Using Apache Pulsar to Provide Real-Time IoT Analytics on the Edge

Using Apache Pulsar to Provide Real-Time IoT Analytics on the Edge

Wednesday, May 22
11:50 AM - 12:30 PM
Marquis Salon 9

The business value of data decreases rapidly after it is created, particularly in use cases such as fraud prevention, cybersecurity, and real-time system monitoring. The high-volume, high-velocity datasets used to feed these use cases often contain valuable, but perishable, insights that must be acted upon immediately.

In order to maximize the value of their data enterprises must fundamentally change their approach to processing real-time data to focusing reducing their decision latency on the perishable insights that exist within their real-time data streams. Thereby enabling the organization to act upon them while the window of opportunity is open.

Generating timely insights in a high-volume, high-velocity data environment is challenging for a multitude of reasons. As the volume of data increases, so does the amount of time required to transmit it back to the datacenter and process it. Secondly, as the velocity of the data increases, the faster the data and the insights derived from it lose value.
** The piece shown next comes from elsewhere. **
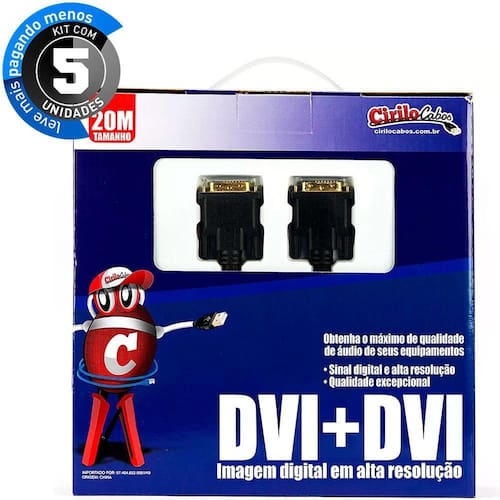 Cabos Dvi Para Dvi, 20 Metros Cirilo Cabos - Kit Com 5 Deseja ligar seu aparelho DVI com imagem em HD Esse Cabo DVI-D para DVI-D de 20 metros da Cirilo Cabos é a solução ideal, ele oferece pontas banhadas em ouro e 25 pinos, tudo isso para proporcionar a melhor imagem em HD digital. O modelo DVD-D Dual Link é compatível com resoluções de até 2560 x 1600 a 60 quadros por segundos.

In this talk, we will present a solution based on Apache Pulsar Functions that significantly reduces decision latency by using probabilistic algorithms to perform analytic calculations on the edge.

Presentation Video


David Kjerrumgaard
Director - Solution Architecture
David is a Director of Solution Architecture at Streamlio, and also a contributor to the Apache NiFi, and Apache Pulsar projects. He was formerly the Practice Director at Hortonworks, where he was responsible for the development of best practices and solutions for the professional services team, with a focus on HDF-related technologies including Kafka, NiFi, and Storm. He is a co-author of “Practical Hive: A Guide to Hadoop’s Data Warehouse System”, and holds a B.S and Master’s Degree in Computer Science from Kent State University.